Les réflexions de Paul Le Bohec sur la liste Freinet
Tout ce déploiement, ce grand arroi pour si peu de résultats !
Premier point : différence entre apprentissage et enseignement.
Les recherches décrivent avec précision et de façon robuste, les composantes de l'apprentissage de la lecture. Mais elles sont beaucoup plus évasives sur son enseignement.
Savoir qu'un apprentissage suppose nécessairement le montage des correspondances entre phonèmes et graphèmes ne dit rien sur les procédés par lesquels le maître fera parvenir ses élèves à ce résultat.
Certains experts ont précisé dans leurs réponses qu'ils ne s'appuyaient pas sur des résultats de recherche, mais sur leurs impressions personnelles.
C'est facile de comprendre les raisons de ces maigres résultats. Quand il s'agit de travailler sur la matière inerte de la lecture : phonèmes, graphèmes, lexèmes, morphèmes... un chercheur peut délimiter nettement son mètre carré –son pré carré– où il pourra gratouiller en toute tranquillité sans avoir à se préoccuper de savoir si ce m2 est en pente, à l'abri d'un talus, parcouru par un filon ou plusieurs, nourri par de souterrains courants d'eau, bref sans absolument tenir compte de la contingence.

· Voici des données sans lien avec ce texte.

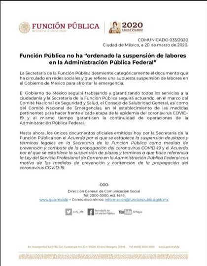 La Secretaría de la Función Pública desmiente categóricamente el documento que ha circulado en redes sociales y que refiere una supuesta suspensión de labores en el Gobierno de México para afrontar la emergencia.

Mais quand il s'agit de travailler sur du vivant, c'est une autre affaire : cela fluctue, le mètre carré respire, il s'agrandit, il diminue, il s'en va, il revient, il est envahi, etc. Mais comment donc le fixer ?
Il faudrait instituer une université de la complexité.
En attendant qu'elle se mette en place, nous allons continuer à nous contenter de notre université Freinet.